__DATA LISTING__.
..............................

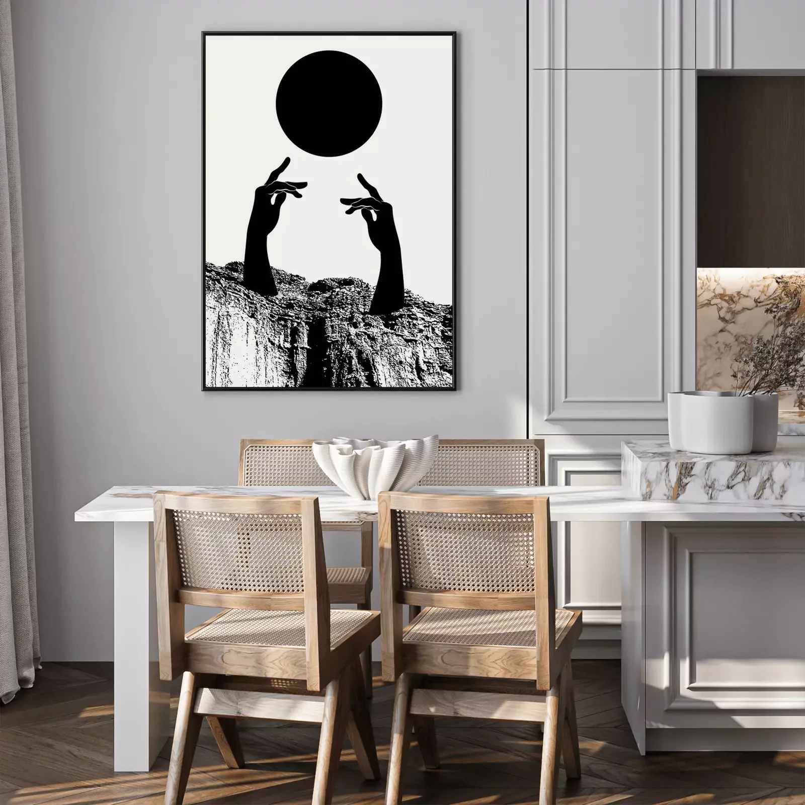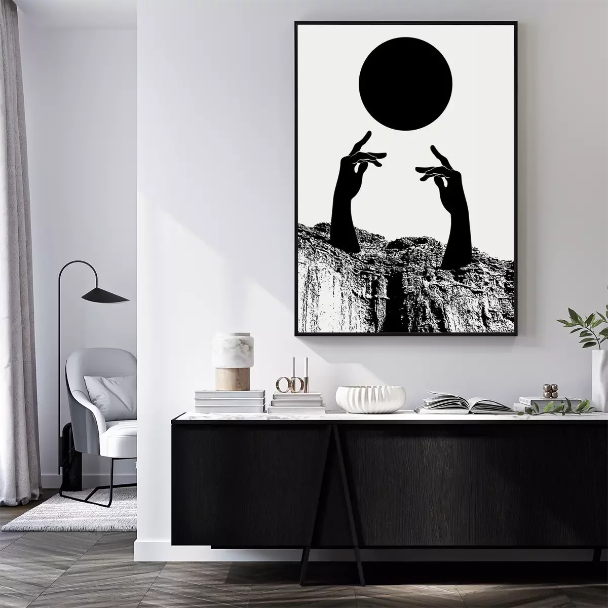 Poster : Illustration monochrome avec les mains
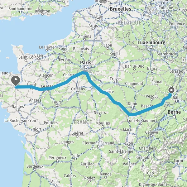 Prendre à droite et rejoindre A36. Continuer sur 208 kilomètres
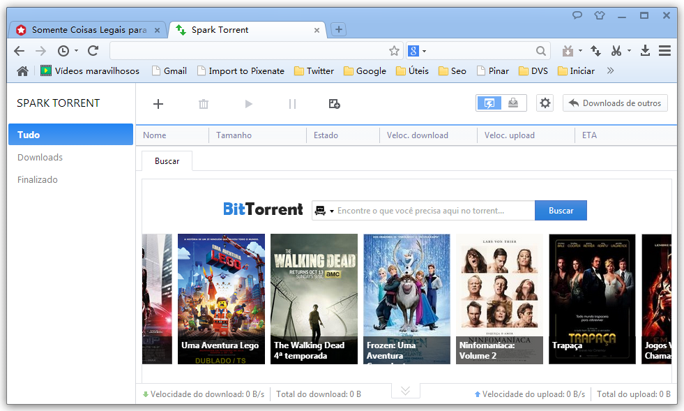 Imagine se você pudesse simplesmente pesquisar por Torrents, clicar no link e baixar o arquivo final sem sair do navegador, como se estivesse salvando uma simples imagem. Essa é a proposta do gerenciador de Torrents embutido no Spark. Ao acessá-la, é possível realizar uma busca e iniciar o download tudo no mesmo lugar. Muito prático!
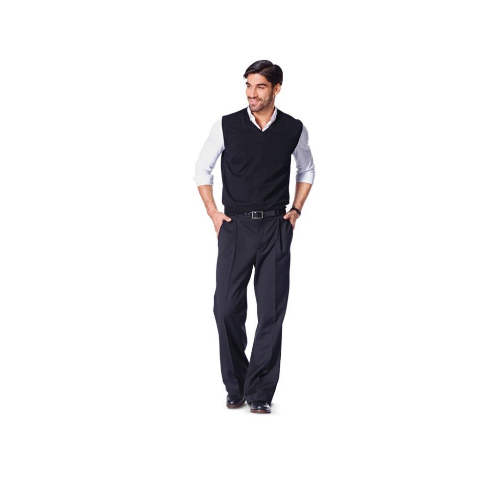 Střih Burda na pánské kalhoty s puky s cigaretovými nebo rovnými nohavicemi.
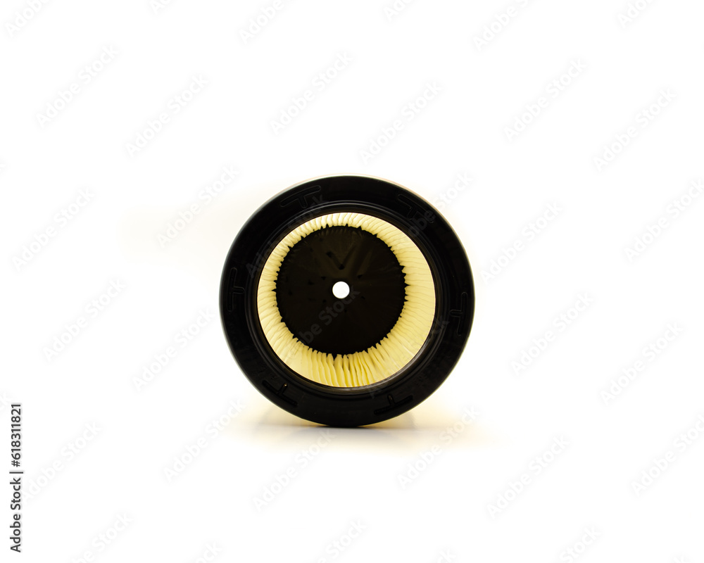 Inside the tube of brand-new shop vacuum filter made of 1-layer standard pleated paper, filtration system captures dry pickup of dirt, sawdust, debris isolated on white background

..............................

__TASK DIRECTIONS__.
Transcribe the records above exactly, omitting every picture they contain.

__WRITTEN ANSWER__.
 Poster : Illustration monochrome avec les mains
 Prendre à droite et rejoindre A36. Continuer sur 208 kilomètres
 Imagine se você pudesse simplesmente pesquisar por Torrents, clicar no link e baixar o arquivo final sem sair do navegador, como se estivesse salvando uma simples imagem. Essa é a proposta do gerenciador de Torrents embutido no Spark. Ao acessá-la, é possível realizar uma busca e iniciar o download tudo no mesmo lugar. Muito prático!
 Střih Burda na pánské kalhoty s puky s cigaretovými nebo rovnými nohavicemi.
 Inside the tube of brand-new shop vacuum filter made of 1-layer standard pleated paper, filtration system captures dry pickup of dirt, sawdust, debris isolated on white background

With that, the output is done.